##### Extracted material #####

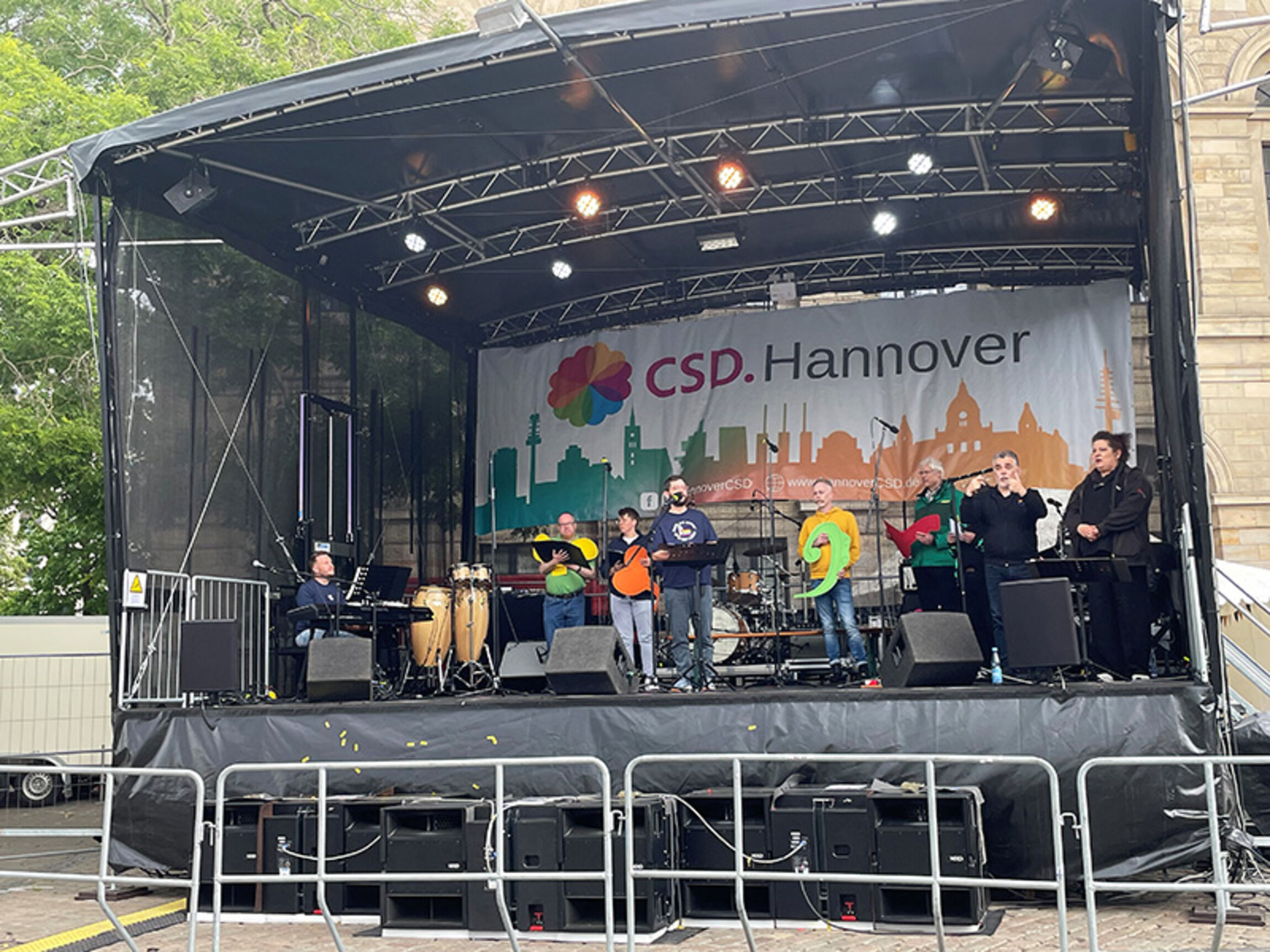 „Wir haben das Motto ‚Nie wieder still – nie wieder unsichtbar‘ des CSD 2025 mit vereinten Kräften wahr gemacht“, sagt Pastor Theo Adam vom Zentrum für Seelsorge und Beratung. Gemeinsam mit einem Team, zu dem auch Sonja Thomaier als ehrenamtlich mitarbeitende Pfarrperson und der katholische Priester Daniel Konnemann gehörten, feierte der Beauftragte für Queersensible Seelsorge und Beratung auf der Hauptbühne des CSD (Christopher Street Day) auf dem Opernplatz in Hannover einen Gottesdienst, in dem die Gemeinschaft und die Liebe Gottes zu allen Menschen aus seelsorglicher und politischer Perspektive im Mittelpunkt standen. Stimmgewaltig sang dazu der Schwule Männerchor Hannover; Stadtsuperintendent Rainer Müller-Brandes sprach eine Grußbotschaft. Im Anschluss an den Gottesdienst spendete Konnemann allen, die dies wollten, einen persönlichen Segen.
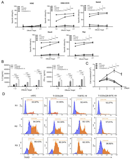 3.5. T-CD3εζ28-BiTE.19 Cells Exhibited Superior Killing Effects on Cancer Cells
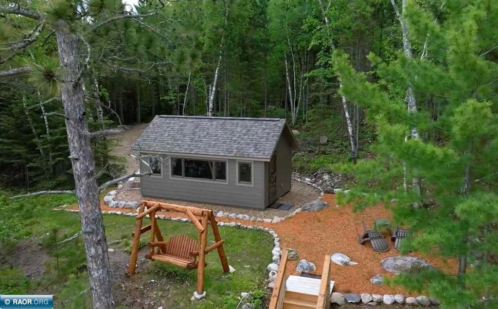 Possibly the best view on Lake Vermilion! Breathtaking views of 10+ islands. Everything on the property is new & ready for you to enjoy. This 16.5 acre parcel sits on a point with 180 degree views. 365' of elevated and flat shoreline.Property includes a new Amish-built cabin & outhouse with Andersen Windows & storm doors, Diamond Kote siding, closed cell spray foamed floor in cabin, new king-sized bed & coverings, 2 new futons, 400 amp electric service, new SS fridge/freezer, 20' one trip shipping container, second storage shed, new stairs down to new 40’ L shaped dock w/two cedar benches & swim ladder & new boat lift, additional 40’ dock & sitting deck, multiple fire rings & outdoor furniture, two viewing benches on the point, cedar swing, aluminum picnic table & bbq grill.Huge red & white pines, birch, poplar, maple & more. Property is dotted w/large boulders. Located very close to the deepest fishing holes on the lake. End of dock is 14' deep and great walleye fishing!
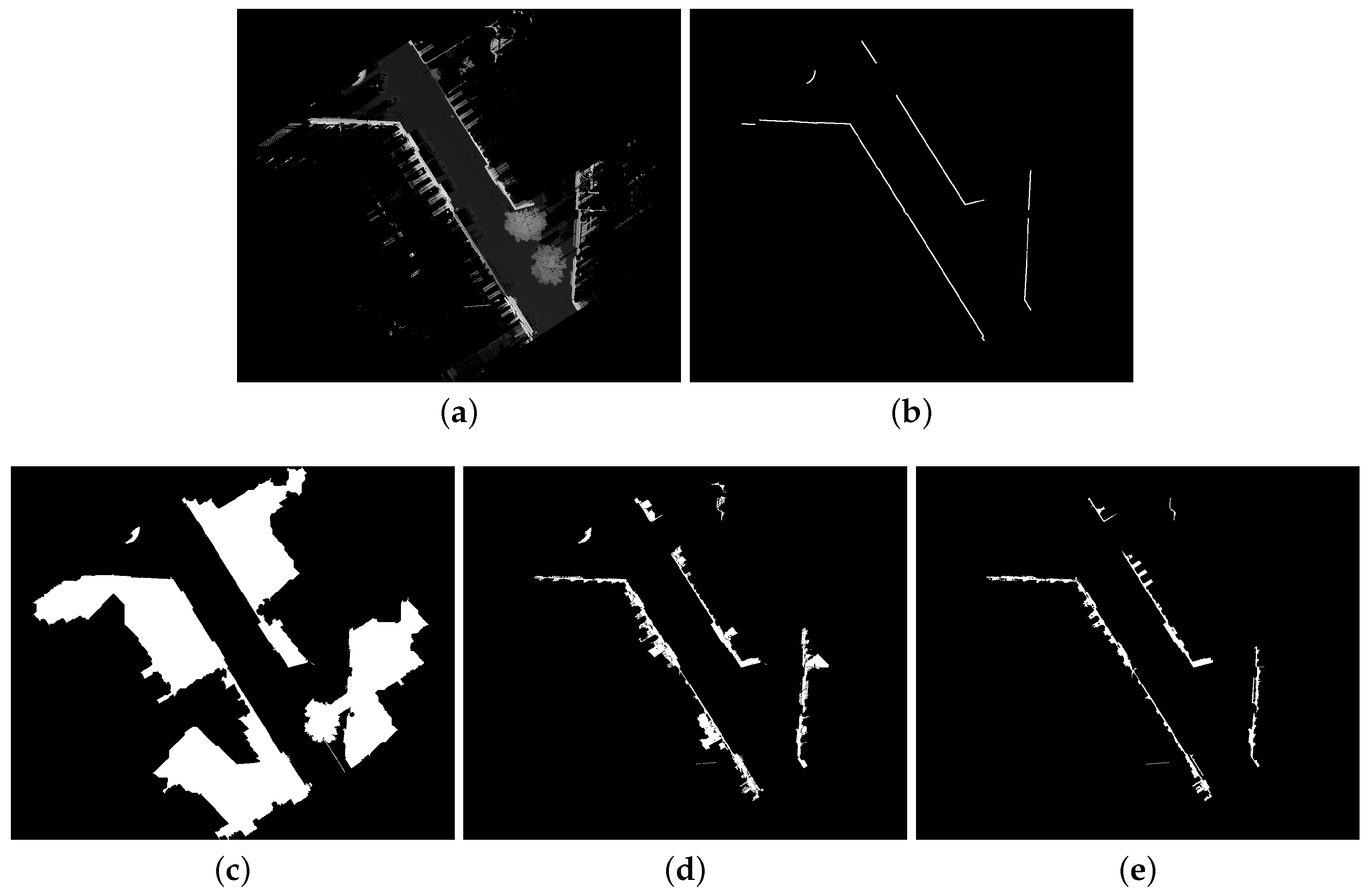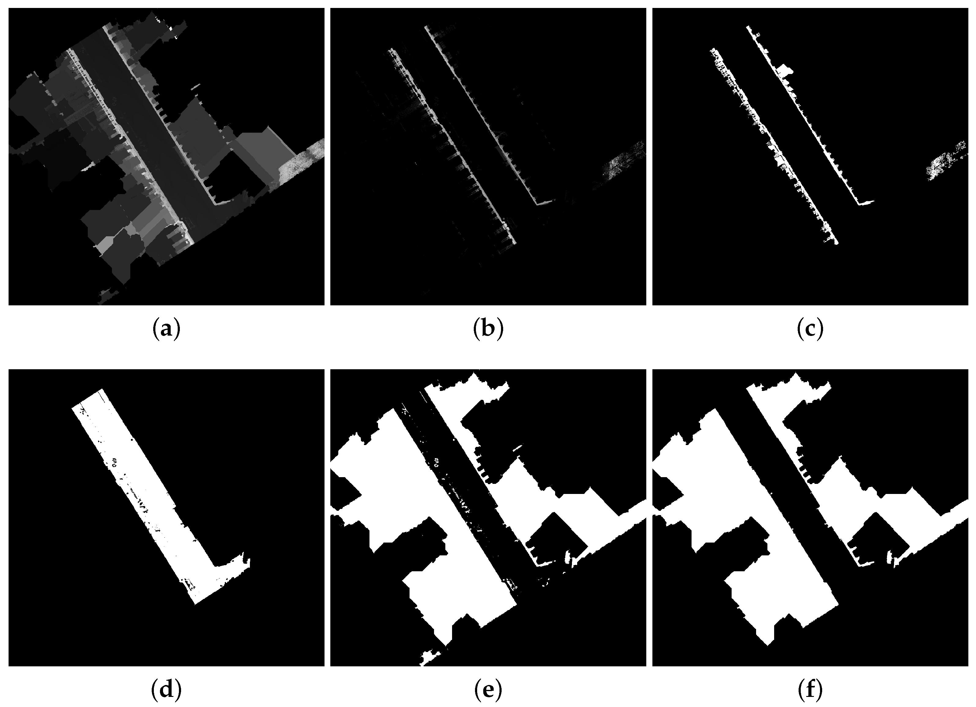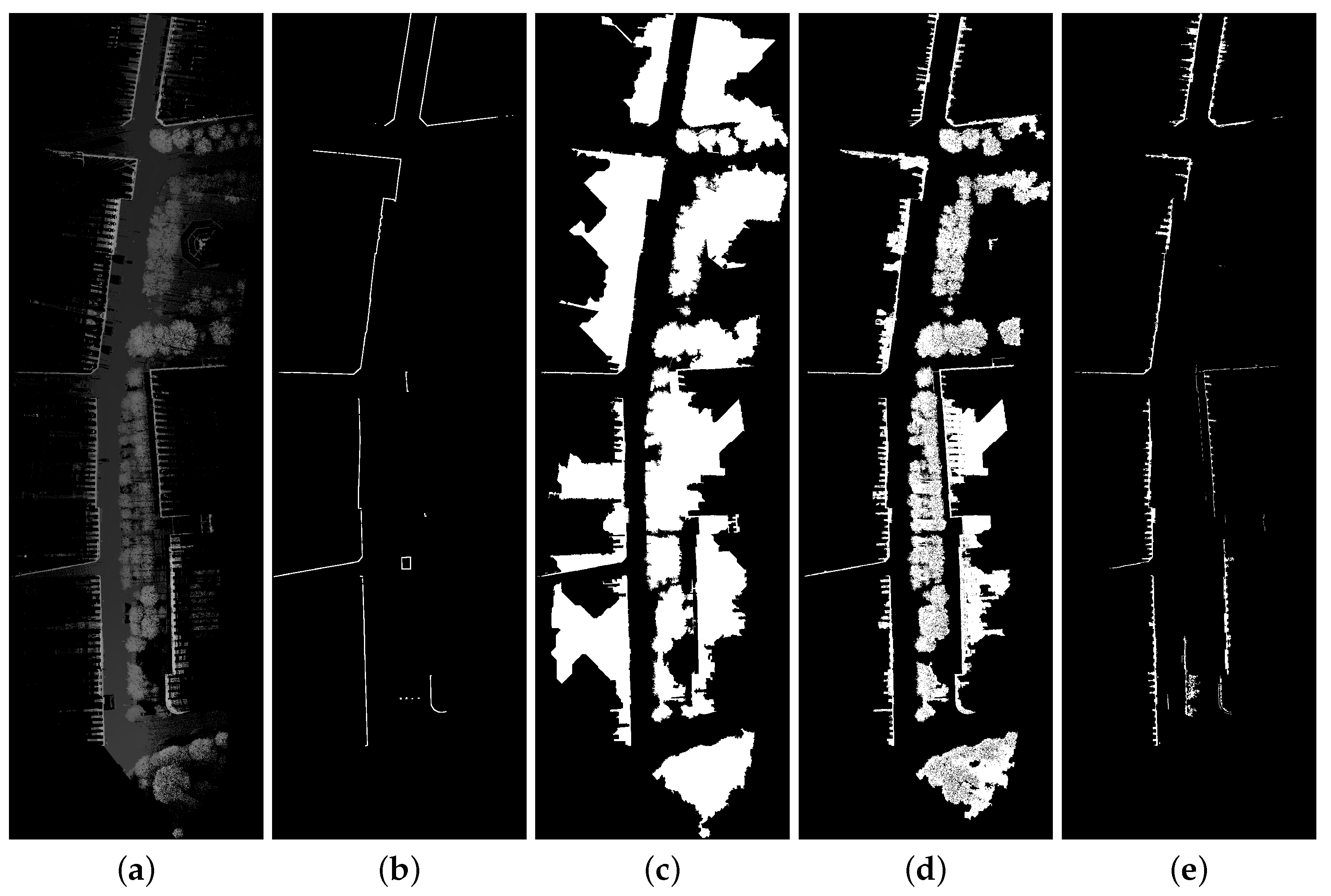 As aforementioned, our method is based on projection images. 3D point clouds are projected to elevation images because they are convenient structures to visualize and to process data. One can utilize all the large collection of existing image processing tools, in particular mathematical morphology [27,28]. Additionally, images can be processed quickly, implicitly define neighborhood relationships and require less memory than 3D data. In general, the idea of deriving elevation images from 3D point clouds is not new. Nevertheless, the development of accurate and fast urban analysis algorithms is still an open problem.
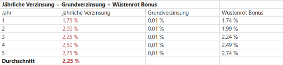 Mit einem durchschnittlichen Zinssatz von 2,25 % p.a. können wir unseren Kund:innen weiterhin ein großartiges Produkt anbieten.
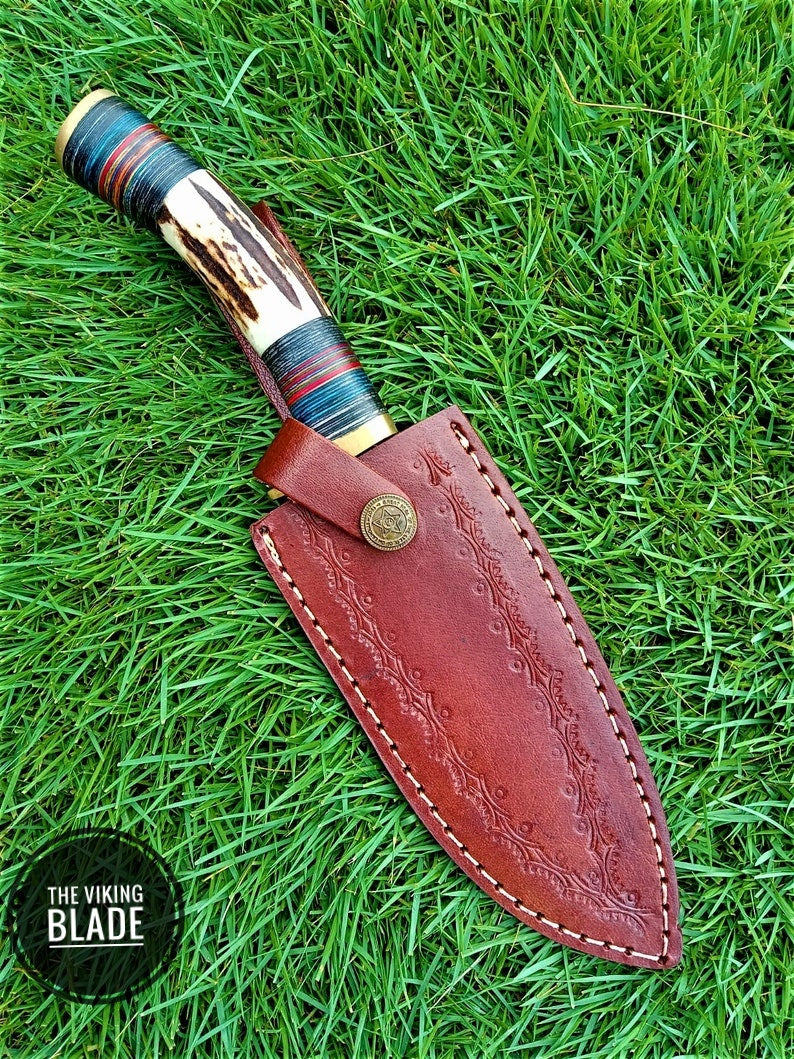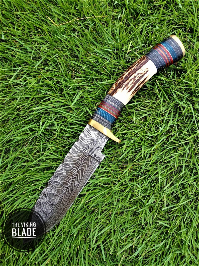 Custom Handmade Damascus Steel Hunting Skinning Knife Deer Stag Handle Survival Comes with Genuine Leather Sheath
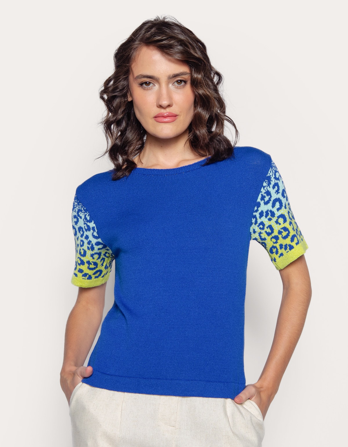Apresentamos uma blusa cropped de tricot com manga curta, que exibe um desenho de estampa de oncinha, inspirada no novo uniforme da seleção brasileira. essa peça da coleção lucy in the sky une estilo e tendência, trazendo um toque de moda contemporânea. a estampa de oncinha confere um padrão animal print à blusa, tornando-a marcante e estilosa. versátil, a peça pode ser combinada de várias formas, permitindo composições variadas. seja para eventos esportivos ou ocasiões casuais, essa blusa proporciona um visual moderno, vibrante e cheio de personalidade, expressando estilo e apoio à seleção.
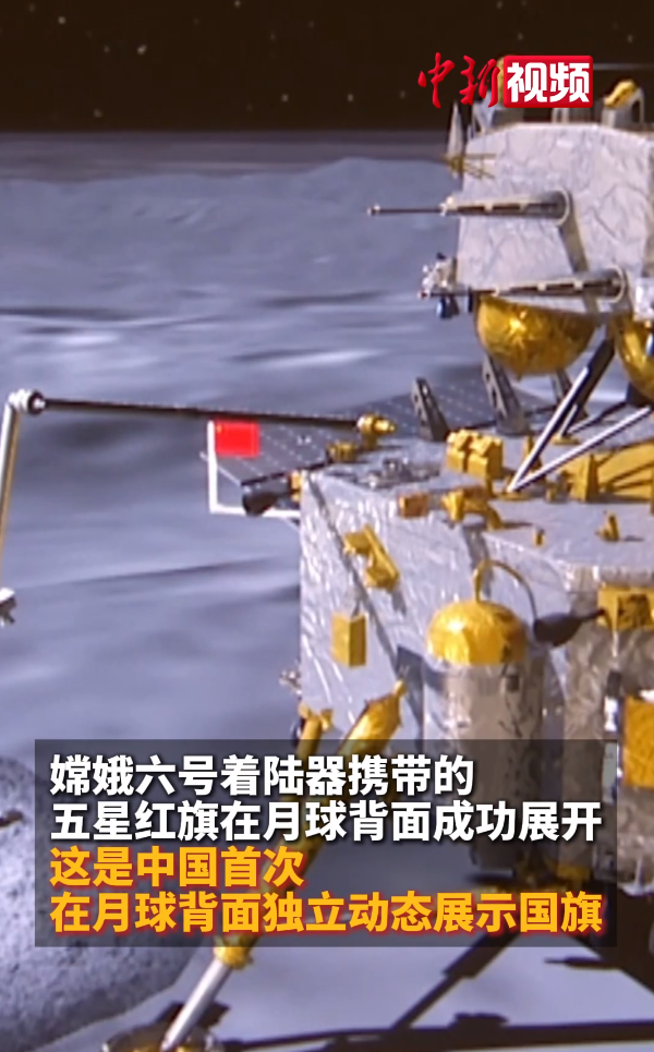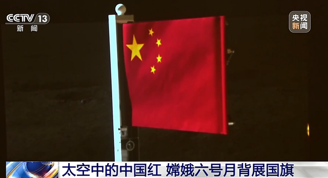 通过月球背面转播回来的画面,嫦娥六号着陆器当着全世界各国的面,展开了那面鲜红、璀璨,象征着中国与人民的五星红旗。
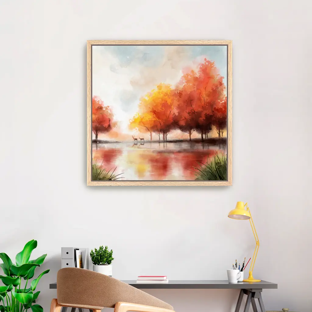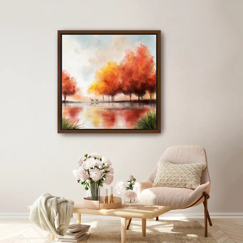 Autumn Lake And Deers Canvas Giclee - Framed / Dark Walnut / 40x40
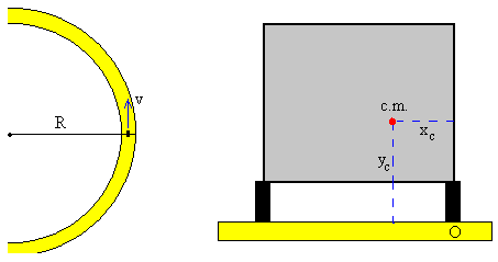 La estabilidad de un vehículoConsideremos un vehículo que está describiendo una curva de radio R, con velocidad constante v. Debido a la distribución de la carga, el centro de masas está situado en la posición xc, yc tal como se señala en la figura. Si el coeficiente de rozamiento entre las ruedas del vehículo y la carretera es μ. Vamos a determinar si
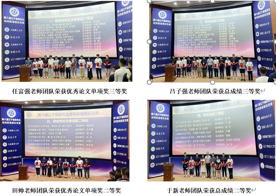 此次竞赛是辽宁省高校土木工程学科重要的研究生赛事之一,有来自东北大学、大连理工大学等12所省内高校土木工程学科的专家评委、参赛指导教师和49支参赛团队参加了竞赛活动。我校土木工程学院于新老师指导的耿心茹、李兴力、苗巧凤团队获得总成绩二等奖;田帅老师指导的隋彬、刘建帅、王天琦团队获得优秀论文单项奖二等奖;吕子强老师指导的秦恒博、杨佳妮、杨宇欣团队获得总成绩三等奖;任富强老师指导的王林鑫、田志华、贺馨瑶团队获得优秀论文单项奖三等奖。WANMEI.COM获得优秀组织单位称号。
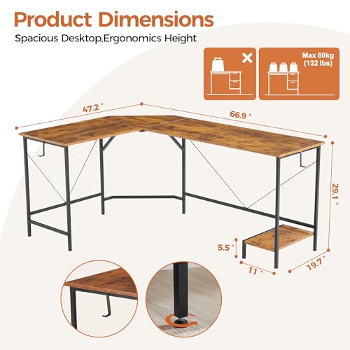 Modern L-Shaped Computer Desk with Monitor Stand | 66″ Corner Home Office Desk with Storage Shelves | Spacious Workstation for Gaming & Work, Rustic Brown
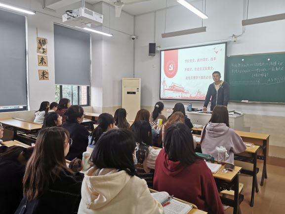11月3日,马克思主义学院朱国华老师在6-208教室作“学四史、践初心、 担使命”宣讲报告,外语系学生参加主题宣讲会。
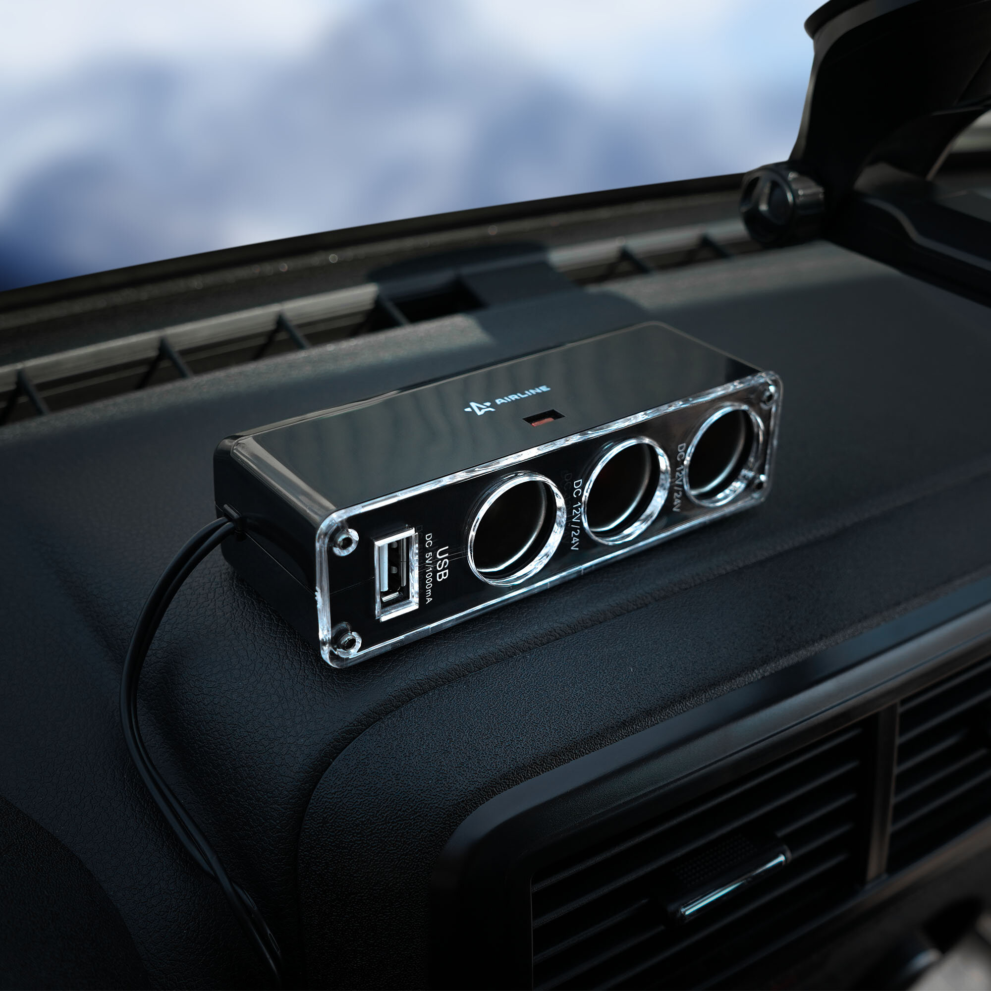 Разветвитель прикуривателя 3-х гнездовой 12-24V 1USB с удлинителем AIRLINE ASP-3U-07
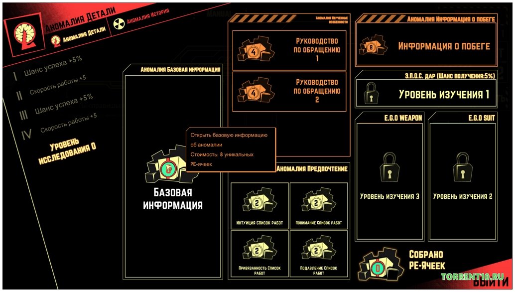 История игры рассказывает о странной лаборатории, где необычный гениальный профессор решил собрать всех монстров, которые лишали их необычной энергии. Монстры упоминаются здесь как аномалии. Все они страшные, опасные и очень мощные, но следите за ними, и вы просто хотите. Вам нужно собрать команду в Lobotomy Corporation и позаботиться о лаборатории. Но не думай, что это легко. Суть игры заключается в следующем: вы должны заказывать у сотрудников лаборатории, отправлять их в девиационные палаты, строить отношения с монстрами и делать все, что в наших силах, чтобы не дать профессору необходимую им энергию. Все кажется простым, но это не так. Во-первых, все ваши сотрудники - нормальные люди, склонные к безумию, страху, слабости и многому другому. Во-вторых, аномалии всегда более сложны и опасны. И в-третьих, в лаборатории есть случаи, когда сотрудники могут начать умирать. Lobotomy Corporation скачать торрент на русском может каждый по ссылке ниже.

#####

Brief:
Quote, exactly and only, the lines from the first line of the data above through the line containing "3.5. T-CD3εζ28-BiTE.19 Cells". The pictures do not belong in it.

Reply to the task:
 „Wir haben das Motto ‚Nie wieder still – nie wieder unsichtbar‘ des CSD 2025 mit vereinten Kräften wahr gemacht“, sagt Pastor Theo Adam vom Zentrum für Seelsorge und Beratung. Gemeinsam mit einem Team, zu dem auch Sonja Thomaier als ehrenamtlich mitarbeitende Pfarrperson und der katholische Priester Daniel Konnemann gehörten, feierte der Beauftragte für Queersensible Seelsorge und Beratung auf der Hauptbühne des CSD (Christopher Street Day) auf dem Opernplatz in Hannover einen Gottesdienst, in dem die Gemeinschaft und die Liebe Gottes zu allen Menschen aus seelsorglicher und politischer Perspektive im Mittelpunkt standen. Stimmgewaltig sang dazu der Schwule Männerchor Hannover; Stadtsuperintendent Rainer Müller-Brandes sprach eine Grußbotschaft. Im Anschluss an den Gottesdienst spendete Konnemann allen, die dies wollten, einen persönlichen Segen.
 3.5. T-CD3εζ28-BiTE.19 Cells Exhibited Superior Killing Effects on Cancer Cells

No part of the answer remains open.